Dr Yempabou Sagna « Ce n’est pas le sucre qui cause le diabète… »

Publié le par Gaspard BAYALA

La Journée mondiale du Diabète est organisée chaque 14 novembre depuis sa création en 1991. C’est le symbole d’une mobilisation collective dont l’objectif est de mieux faire connaître le diabète, sa prise en charge et surtout les moyens de le prévenir. Pour le 14 novembre 2018, nous avons rencontré Dr Yempabou Sagna, médecin endocrinologue au service de médecine interne du CHU-YO pour parler de cette maladie chronique.

 

Gaspard Bayala (G.B) : Comment définit-on le diabète ?

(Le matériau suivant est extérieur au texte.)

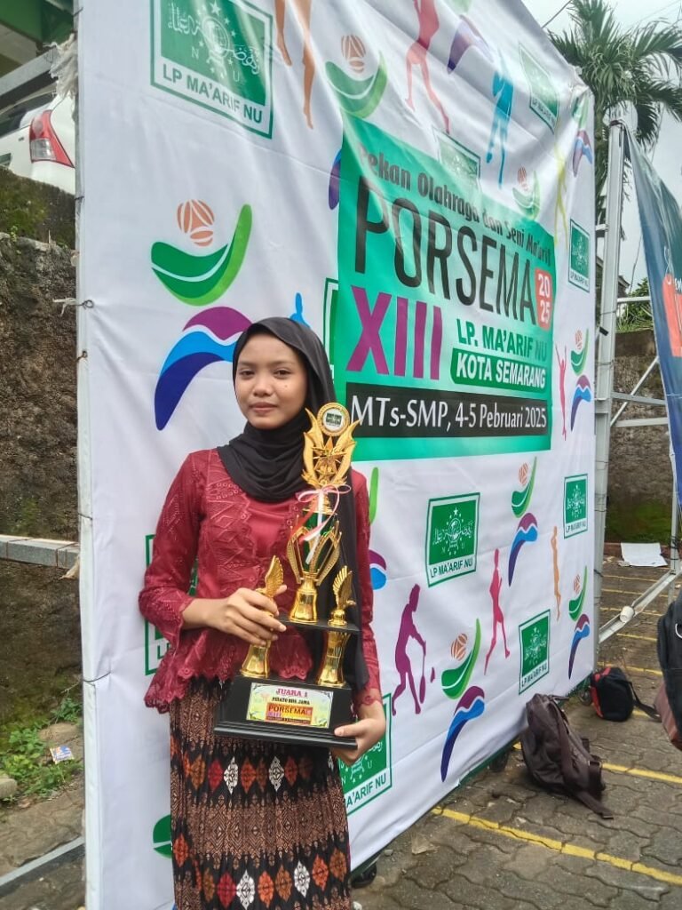 Semarang, 2025 – Prestasi membanggakan kembali ditorehkan oleh siswa berprestasi, Fara Dewi Utari, yang berhasil meraih juara pertama cabang pidato Bahasa Jawa dalam ajang Pekan Olahraga dan Seni Ma’arif (PORSEMA) tingkat Kota Semarang 2025.

Yempabou Sagna (Y.S) : Le diabète est un ensemble de maladies qui ont en commun une augmentation du taux de sucre de façon permanente dans le sang.

G.B : Il est courant d’entendre parler de diabète de type 1, type 2 et gestationnel ? Expliquez ces trois notions et leur différence ?

Y.S : Il y a en réalité quatre types de diabète. Le type 1, 2, le diabète gestationnel et un autre groupe de diabète que l’on a regroupé dans autres types de diabètes. La différence est que le type 1 concerne surtout les enfants ou les personnes âgées de moins de 30-35 ans. Le type 2 est le plus fréquent qui atteint plus de 90% des diabètes. Ce type concerne les personnes de plus de 40 ans et fréquemment obèses. Le diabète gestationnel est lorsqu’une femme qui n’était pas connue diabétique tombe enceinte, l’on fait une glycémie et l’on diagnostique un diabète pour la première fois pendant qu’elle est enceinte. Le dernier groupe appelé autres types spécifiques de diabète est un groupe où il y a plusieurs causes et en général le diagnostic ne peut se faire qu’en milieu spécialisé. C’est un type assez rare, environ 1% des types des diabètes. Parce que c’est un groupe que l’on n’a pas pu classer parmi les trois types. Ce sont des diabètes dus aux maladies endocriniennes (dues aux hormones), aux atteintes du pancréas et des diabètes génitaux ou des diabètes néonataux.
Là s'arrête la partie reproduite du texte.